Les livres et moi, mes coups de coeur, mes découvertes, mes créations ou mes voyages : intellectuels, spirituels, botaniques ou culinaires...
"Les Mexicains descendent des Aztèques, les Péruviens des Incas, les Colombiens des Mayas, les Argentins descendent du bateau" raillait le dicton.
De fait Buenos Aires existait avant tout par les yeux de l'Europe...
Cette fois, l'auteur nous emmène en Argentine, à Buenos Aires à la fin des années 2000.

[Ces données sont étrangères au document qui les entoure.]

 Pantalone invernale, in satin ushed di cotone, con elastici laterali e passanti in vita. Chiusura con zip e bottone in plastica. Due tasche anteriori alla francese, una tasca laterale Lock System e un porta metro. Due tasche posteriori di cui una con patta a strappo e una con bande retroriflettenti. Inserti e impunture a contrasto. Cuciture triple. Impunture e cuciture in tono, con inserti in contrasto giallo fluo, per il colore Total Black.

Ruben Calderon, rescapé des prisons clandestines de l'Ecole de Mécanique de la Marine alors qu'il n'avait que 15 ans, dirige désormais une agence au sein de laquelle il enquête sur les responsables des disparus et des enfants volés lors des années terribles de dictature (1976-1983). Trente ans ont passé depuis les actes de Vileda, mais il ne peut oublier que son père, un poète connu et sa jeune soeur ne sont jamais revenus.
Il travaille pour les Grands-Mères de la place de Mai, dont sa mère fait également partie.

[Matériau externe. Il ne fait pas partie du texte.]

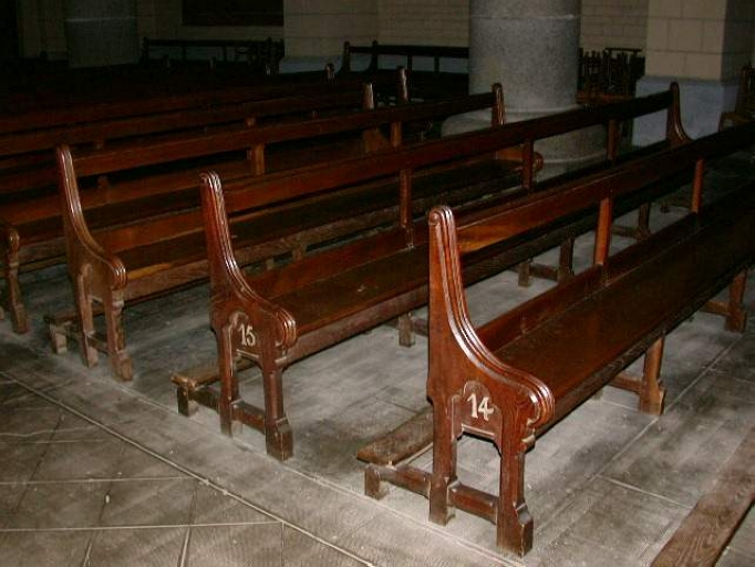 Ensemble de 41 bancs de fidèles,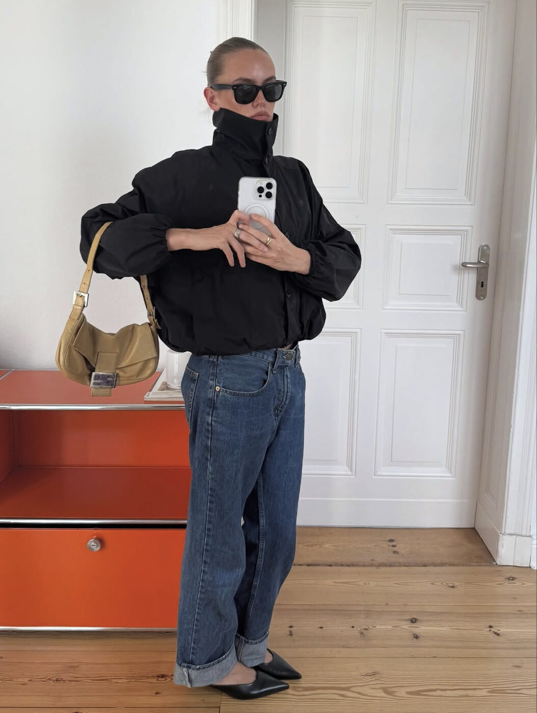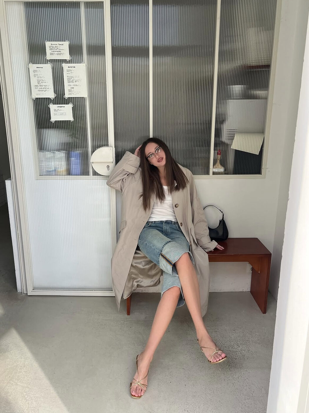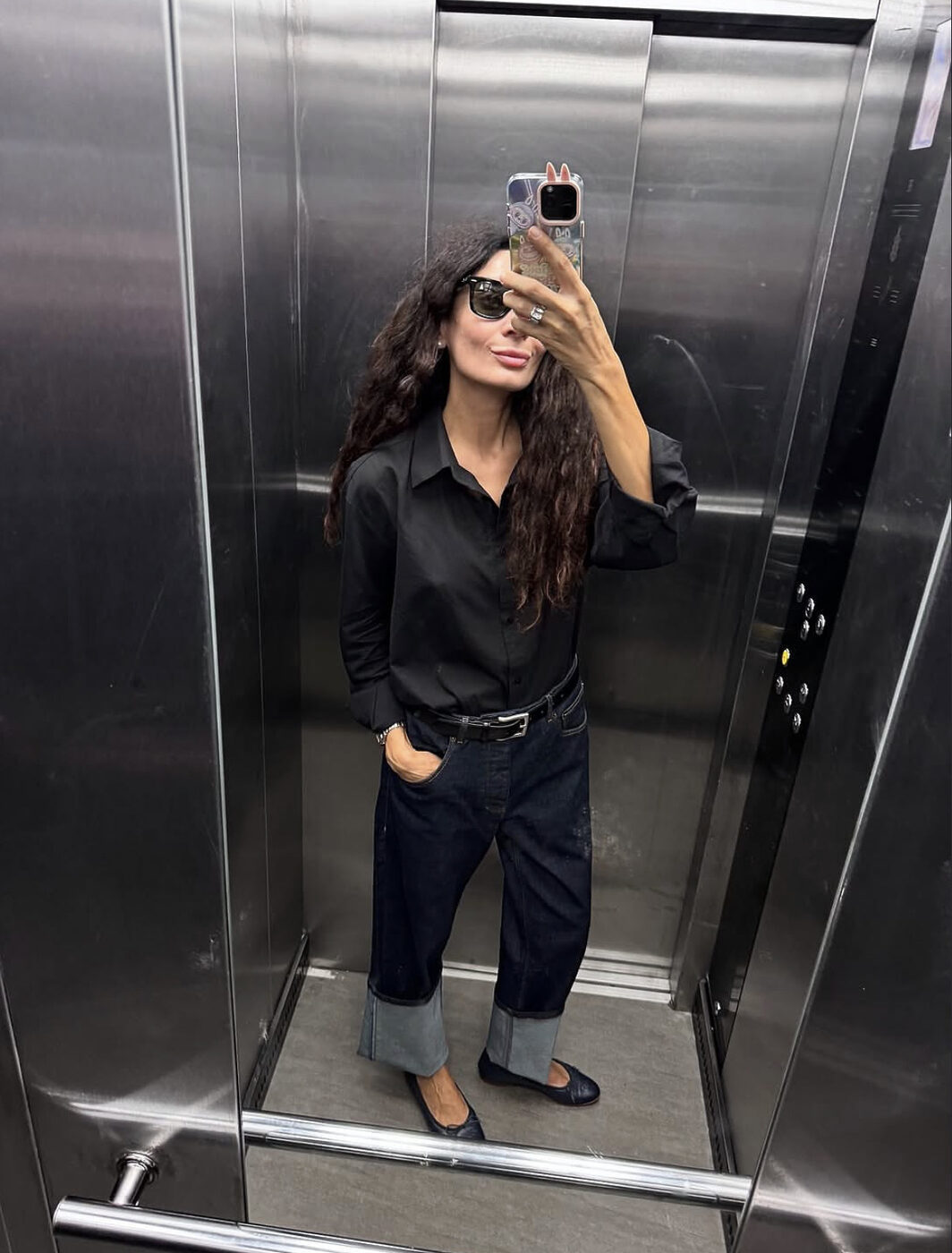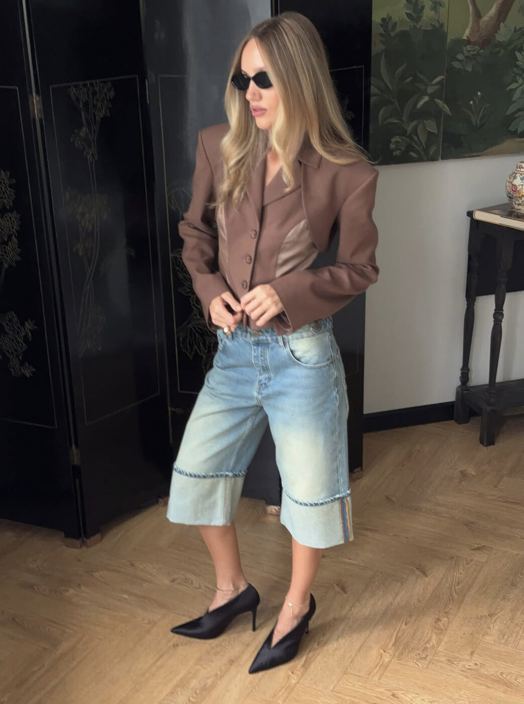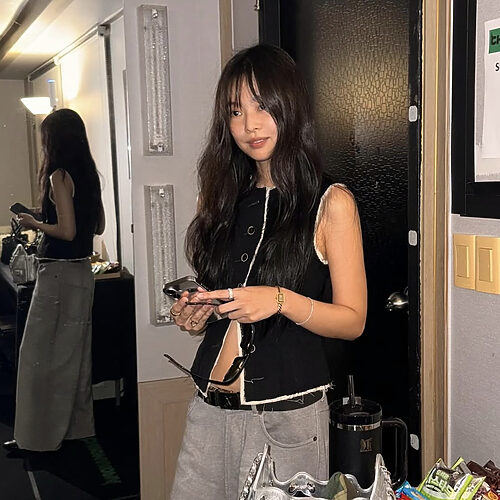 블랙 셔츠에 진청 데님을 입은 이 룩도 마찬가지입니다. 특히 낮은 굽의 신발과 매치할 땐 밑단이 발등을 덮지 않게 하는 게 중요해요. 자칫 너무 답답해보일 수 있기 때문에 경쾌한 포인트는 남겨줘야합니다.

Un de ses amis journalistes, Carlos lui demande d'enquêter sur la disparition récente d'une de ses amies photographe, Maria Victoria Campallo, juste au moment où elle devait lui faire certaines révélations. Elle est la fille d'un des hommes d'affaires le plus influent du pays.
Ruben reçoit aussi la visite d'une jeune mapuche, Jana. Elle est sculptrice et vient de découvrir avec Paula, (=Miguel, son ami travesti) que Luz, (=Orlando, lui-même travesti et meilleur ami de ce dernier), vient d'être retrouvé flottant dans le port. Il a été sauvagement assassiné après avoir été émasculé. Il refuse tout d'abord de l'aider mais il va découvrir très vite que les deux affaires sont liées.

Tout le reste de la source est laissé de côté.